Nul ne pouvait nier que son épouse avait invoqué un archange interdit et qu’elle avait essayé de tuer le prince consort ; Gharaa était désormais devenue dangereuse pour les autres et pour elle-même. Le roi et Dhak se réunirent seuls dans la nuit pour l’occasion. Les deux hommes ne pouvaient se résoudre à faire exécuter Gharaa pour ses actes proscrits, mais il fallait l’éloigner de la cour. Alors la princesse fut mise à l’isolement dans une suite à l’abri des regards à laquelle seuls le roi et les médecins avaient droit d’accès.

Les deux amoureux qui s’étaient rencontrés sous de bons hospices avaient désormais été anéantis. C’en était fini de Dhak et sa bien-aimée Gharra, et la lignée royale d’Aedria fut brisée en même temps.

On raconte qu’il fallut à Dhak toute la force du monde pour ne pas se retourner vers la suite aux complaintes continues, alors même qu’il portait la main à l’endroit de son cou que la dague avait tranché.

Par la suite, Dhak démissionna de son poste de prince consort à Dunedoran et rentra directement dans ses terres du Nord. Puis il céda son titre de vassal, qu’il mit en jeu à des volontaires prêts à en découdre, désormais impatients de faire leurs preuves en son nom.

Devant un tel bouleversement, le roi vieillissant divisa Aedria en deux territoires, le Nord, pour ceux qui s’étaient autoproclamés Dhakaris et le Sud, qu’il renomma Aegeria, pour lui-même.
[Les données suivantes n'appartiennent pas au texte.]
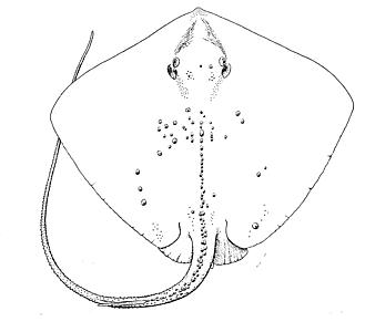 Drawing of a roughtail stingray (Dasyatis centroura).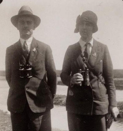 A Landsborough Thompson and his wife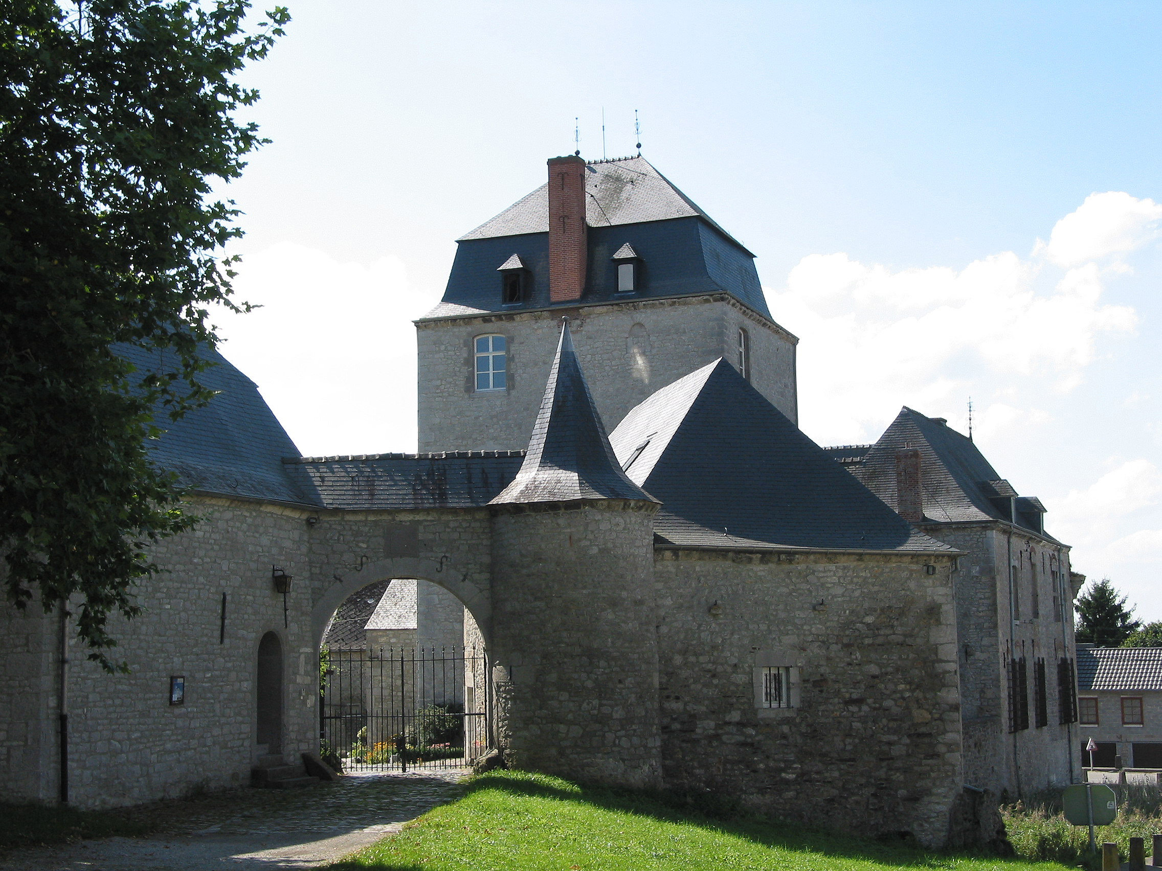 Roly (Belgium), the Roly Lords farm-castle (XIV/XVIth centuries).

A la mort de Gharra, son corps fut plaçé dans un cercueil façonné à l’effigie du passeur de la mort que le roi et ses hommes les plus proches escortèrent sur le champ par la mer le plus loin possible de Dunedoran. Une fois à terre plusieurs jours plus tard, ils enfouirent le cercueil suffisamment profond dans la terre et en condamnèrent l’accès, ensevelissant ainsi pour toujours les secrets, les souvenirs et les larmes dans l’oubli de la nuit éternelle.

On raconte aujourd’hui encore au Nord que Dhak, pour faire pénitence du sort qu’il avait fait subir à son épouse décédée, s’exila dans les Terres Sombres et qu’il n’en était jamais revenu. Il est dit que sa disparition est un secret lourdement gardé par les grands lynx de givre qui en sont les seuls détenteurs et qu’eux seuls peuvent révéler.